The quantitative evaluation of LB and LB&HB models reveals a distinct microclimatic performance across meteorological parameters under comparisons of urban and rural conditions (Table 6). For Ta predictions on hot summer days, August exhibits a lower STDE (0.2 °C) than July (0.22 °C), indicating more consistent alignment with urban and rural conditions [23,40,46]. The MAE (2.49–2.50 °C) of Ta remains low across both July and August, while urban areas show minimal MBE bias (0.26–0.46 °C) relative to rural areas. WS output performs particularly well in urban areas, with the lowest STDE and MBE (0.10–0.11 m/s, −1.30–1.44 m/s), reflecting the model’s ability to capture urban airflow patterns [3,5,10,29]. Tmrt maintains relatively low errors (STDE: 0.85–0.87 °C; MBE: −0.64 to 0.56 °C) despite diurnal variations in solar radiation and solar altitude, consistent with prior parametric microclimate simulation [32,43]. RH exhibits the largest discrepancies among parameters, with lower STDE values (0.93–1.03%) but higher MAE and MBE (11.14–11.91%, 7.44–8.40%), reflecting a pronounced negative bias.
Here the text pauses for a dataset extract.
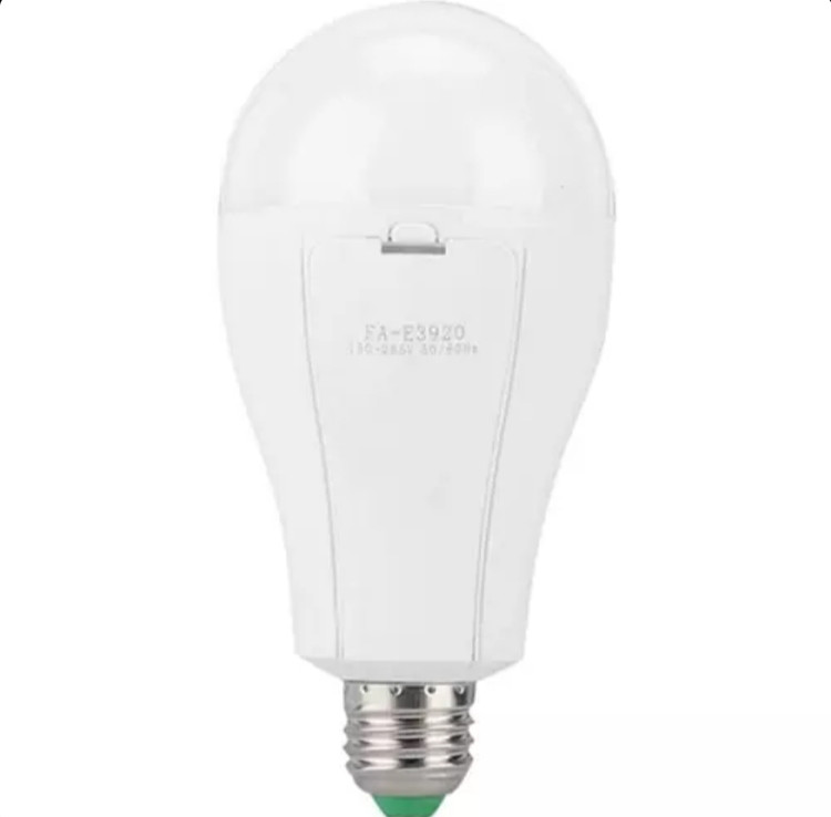 لامپ اضطراری شارژی سرپیچی 20 وات مدل FA-E3920 بهترین گزینه برای قطعی برق هست و بهترین کیفیت را نسبت به لامپ های شارژی همرده های خود دارد زیرا باتری آن باتری لیتیومی اصلی بوده و عمر بیشتری داراست.لامپ اضطراری شارژی سرپیچی 20 وات با نوردهی بالا قابلیت نصب بر روی سرپیچ های استاندارد و شارژ از طریق برق 220 ولت شهری. در هنگام استفاده از چراغ، همزمان شارژ باتری های آن انجام می شود و در زمان قطعی برق می توانید از روشنایی آن استفاده کنید. نکته: کارکرد لامپ صرفا در زمان باز بودن کلید دیواری بوده و خود لامپ دارای کلید روشن/خاموش نمی باشد. این لامپ با هر بار شارژ کامل حدود 3 ساعت قابل استفاده بوده و به صورت پرتابل نیز قابل استفاده است. نکته: در فضای باز، لامپ باید با سرپیچ محصوص که همراه لامپ ارسال میشود کار کند. ولتاژ کاری: AC 90V-265V فرکانس کاری: 50/60 هرتز دمای کاری: -20~80℃ دمای ذخیره سازی: -20~85℃ رطوبت کاری: 20-80% قدرت: 20 وات برق اضطراری: 3W زمان تخلیه اضطراری: 3-4 ساعت زمان شارژ اضطراری: 4 ساعت زمان عمر: ~ 50 هزار ساعت زاویه: 180 دمای رنگ: 6800-7300K شار نورانی: 1M~1400LX عامل پوئر: ≤0.7 (حساسیت ESD): 2000 ولت HBM بازده: > 85% شاخص رندر رنگ: >

This aligns with previous studies showing RH is sensitive to surface–atmosphere interactions during hot periods. These patterns highlight the complementary strengths of each model across different microclimatic conditions, with performance variations likely resulting from their distinct parameterization schemes and handling of surface–atmosphere interactions during extreme heat events.
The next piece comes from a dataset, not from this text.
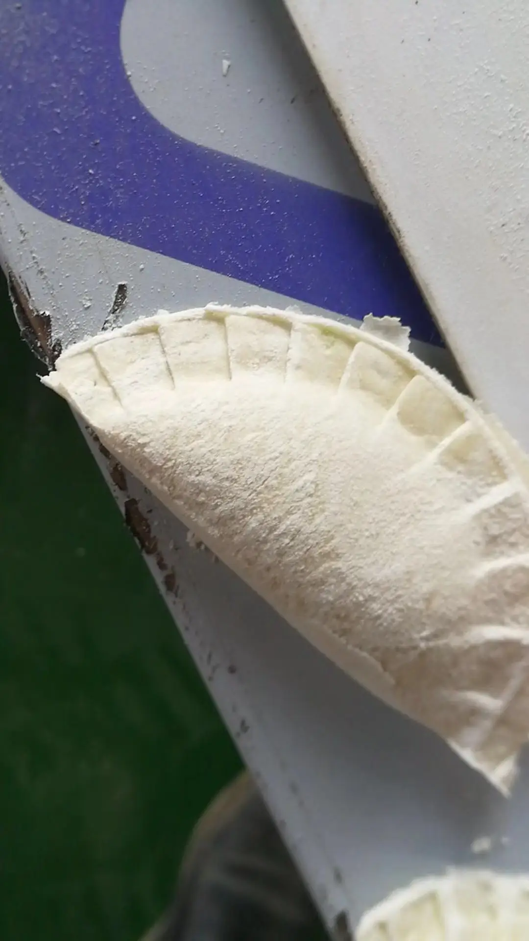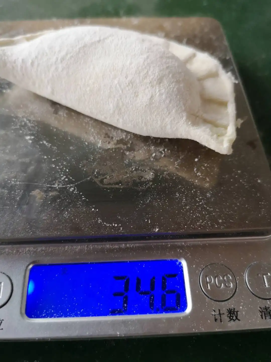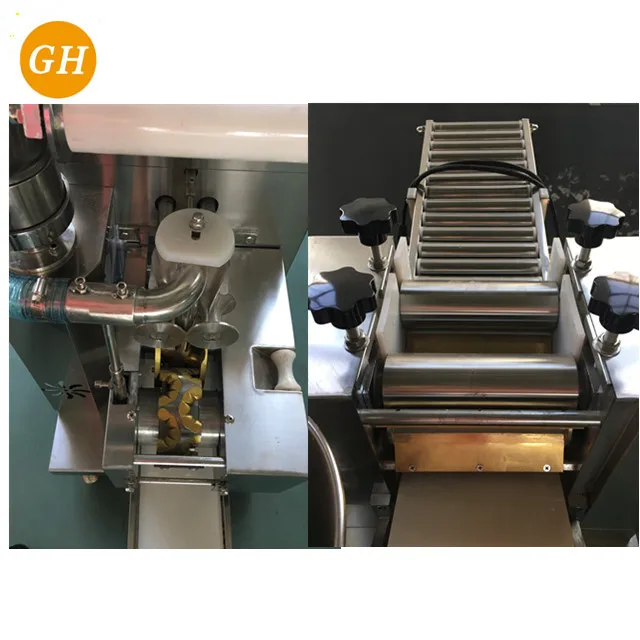 1 Through the use of multi-channel roll dough pressed into dough, having a thin, large amount of water (48% water), gluten without any damage, elastic dough, taste good, chewy, handmade dumplings identical.

4.2. UTCI Maps Evaluation in the Sports Playground

By accounting for both microclimatic conditions and human thermophysiological responses, UTCI effectively captures the heat stress experienced by active users in outdoor sports spaces [5,10,20,31], offering clear advantages for heat-safety-oriented assessments in open and radiation-dominated campus environments [1,4,18]. To assess the performance of the thermal comfort simulation, the modeled UTCI values were benchmarked against outputs from the LB and LB&HB workflows during the heatwave periods (06:00–18:00, 6–18 July and 6–18 August). This section presents representative workflow results, including spatial and temporal UTCI distributions, with a focus on peak conditions at 14:00. The findings provide practical insights into pedestrian thermal exposure and enable the identification of thermally critical zones within the sports playground across the simulated periods, thereby informing subsequent engineering analyses and design interventions (Figure 9 and Figure 10).
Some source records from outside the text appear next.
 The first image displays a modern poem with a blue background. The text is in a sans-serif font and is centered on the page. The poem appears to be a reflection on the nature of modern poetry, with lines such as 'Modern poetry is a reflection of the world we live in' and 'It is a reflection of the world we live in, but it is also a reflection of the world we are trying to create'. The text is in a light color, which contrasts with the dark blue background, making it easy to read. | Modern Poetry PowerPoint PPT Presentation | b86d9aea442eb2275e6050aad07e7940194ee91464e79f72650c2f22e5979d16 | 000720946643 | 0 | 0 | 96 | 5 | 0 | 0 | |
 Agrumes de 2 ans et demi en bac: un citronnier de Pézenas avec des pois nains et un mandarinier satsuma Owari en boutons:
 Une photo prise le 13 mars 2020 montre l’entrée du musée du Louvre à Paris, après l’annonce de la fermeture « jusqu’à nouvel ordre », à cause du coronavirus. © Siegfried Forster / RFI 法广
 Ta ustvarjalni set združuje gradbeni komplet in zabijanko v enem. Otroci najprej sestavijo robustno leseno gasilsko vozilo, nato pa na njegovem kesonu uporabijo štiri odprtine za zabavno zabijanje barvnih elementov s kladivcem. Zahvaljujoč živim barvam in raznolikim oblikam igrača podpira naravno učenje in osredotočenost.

A hybrid parametric simulation coupled with multi-objective evaluation was employed to map the spatial distribution of UTCI-based thermal sensitivity across the sports playground. Heatmaps depict the UTCI profile along a transect across the sports playground, comparing the geometric model with material-based information following the line indicated in Figure 7. The observed UTCI values of 42 °C (indicating very strong heat stress) around the artificial turf pavement at 14:00 are primarily attributed to intense direct solar radiation absorbed by the pavement materials and the facades of adjacent sports facilities and classroom buildings (Figure 10). Singh et al. [19] reported that synthetic turf significantly increases local thermal load compared to natural grass, with higher surface temperatures (range: 9.4–33.7 °C) and ambient temperatures (range: 0.5–1.2 °C), potentially exacerbating local UHI effects. Consistently, studies on playground materials indicate that synthetic grass and rubber surfaces lead to higher heat exposure risks compared to natural vegetative materials [17,54,55]. However, areas under shaded outdoor canopy and vegetation exhibited substantially lower UTCI due to reduced solar radiation and cooling from plant transpiration (Figure 9 and Figure 10), consistent with previous findings that shaded corridors and vegetation substantially improve thermal comfort in hot–humid campuses [1,5,9,18,22]. The LB&HB simulations indicated significant spatial variation in UTCI (Figure 10), closely associated with different pavement materials [1,2,3,4]. The materials were ranked from the most thermally comfortable to the least as follows: vegetation (grass/shrubs) < concrete < rubber track < artificial turf [17,18,19]. Vegetation contributes to cooling primarily via evapotranspiration and shading, which reduces the radiant heat load [3,5]. In contrast, artificial turf composed predominantly of synthetic fibers and rubber infill absorbs substantial solar radiation, leading to markedly higher surface temperatures [19,55]. This thermal discomfort likely results in reduced frequency of use during the summer months.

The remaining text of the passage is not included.